Aim of the task:
Return the data below exactly, but only from the line containing "SPOONEROMYCES VELENOVSKYI (oben)" through the line containing "1 Love is a", with both of those lines included.

Input data:

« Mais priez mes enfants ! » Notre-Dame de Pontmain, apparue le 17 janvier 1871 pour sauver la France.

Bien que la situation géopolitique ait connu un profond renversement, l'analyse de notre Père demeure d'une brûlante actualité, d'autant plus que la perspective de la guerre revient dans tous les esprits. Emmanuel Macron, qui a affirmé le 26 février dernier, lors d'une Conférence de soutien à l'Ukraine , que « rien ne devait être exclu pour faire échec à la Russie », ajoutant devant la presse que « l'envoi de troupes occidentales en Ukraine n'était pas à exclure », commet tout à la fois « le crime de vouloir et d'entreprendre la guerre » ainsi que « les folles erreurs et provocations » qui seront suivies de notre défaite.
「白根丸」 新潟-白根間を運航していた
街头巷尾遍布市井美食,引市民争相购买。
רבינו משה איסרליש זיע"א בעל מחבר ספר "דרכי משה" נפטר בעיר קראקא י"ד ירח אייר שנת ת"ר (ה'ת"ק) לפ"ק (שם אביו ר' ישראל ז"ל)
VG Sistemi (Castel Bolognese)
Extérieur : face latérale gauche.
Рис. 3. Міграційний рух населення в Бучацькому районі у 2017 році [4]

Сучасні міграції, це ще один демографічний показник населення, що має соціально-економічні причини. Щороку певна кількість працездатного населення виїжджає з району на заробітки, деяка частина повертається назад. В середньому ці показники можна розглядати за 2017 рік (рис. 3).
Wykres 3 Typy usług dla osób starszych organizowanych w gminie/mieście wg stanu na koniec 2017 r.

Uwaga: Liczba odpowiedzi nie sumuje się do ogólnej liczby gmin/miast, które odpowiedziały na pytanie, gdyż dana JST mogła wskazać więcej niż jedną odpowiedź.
* * *
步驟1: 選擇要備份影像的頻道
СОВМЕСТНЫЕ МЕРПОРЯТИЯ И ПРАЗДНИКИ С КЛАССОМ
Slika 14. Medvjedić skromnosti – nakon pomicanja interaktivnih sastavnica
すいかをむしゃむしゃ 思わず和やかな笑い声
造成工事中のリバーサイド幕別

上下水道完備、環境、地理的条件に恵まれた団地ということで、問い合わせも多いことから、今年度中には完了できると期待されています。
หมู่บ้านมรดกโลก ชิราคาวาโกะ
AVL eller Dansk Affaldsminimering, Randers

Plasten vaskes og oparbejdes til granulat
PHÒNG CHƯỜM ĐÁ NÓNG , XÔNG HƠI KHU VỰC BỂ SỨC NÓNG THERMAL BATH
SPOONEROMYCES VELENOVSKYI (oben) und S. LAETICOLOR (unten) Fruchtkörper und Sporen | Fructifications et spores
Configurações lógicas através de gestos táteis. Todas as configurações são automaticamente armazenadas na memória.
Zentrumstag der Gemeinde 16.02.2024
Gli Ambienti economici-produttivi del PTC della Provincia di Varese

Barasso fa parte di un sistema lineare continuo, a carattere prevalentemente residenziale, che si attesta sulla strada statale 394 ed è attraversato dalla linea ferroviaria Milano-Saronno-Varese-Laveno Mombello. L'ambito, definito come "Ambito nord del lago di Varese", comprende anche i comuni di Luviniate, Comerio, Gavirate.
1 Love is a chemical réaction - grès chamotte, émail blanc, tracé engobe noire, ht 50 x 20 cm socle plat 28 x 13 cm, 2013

Solved problem:
SPOONEROMYCES VELENOVSKYI (oben) und S. LAETICOLOR (unten) Fruchtkörper und Sporen | Fructifications et spores
Configurações lógicas através de gestos táteis. Todas as configurações são automaticamente armazenadas na memória.
Zentrumstag der Gemeinde 16.02.2024
Gli Ambienti economici-produttivi del PTC della Provincia di Varese

Barasso fa parte di un sistema lineare continuo, a carattere prevalentemente residenziale, che si attesta sulla strada statale 394 ed è attraversato dalla linea ferroviaria Milano-Saronno-Varese-Laveno Mombello. L'ambito, definito come "Ambito nord del lago di Varese", comprende anche i comuni di Luviniate, Comerio, Gavirate.
1 Love is a chemical réaction - grès chamotte, émail blanc, tracé engobe noire, ht 50 x 20 cm socle plat 28 x 13 cm, 2013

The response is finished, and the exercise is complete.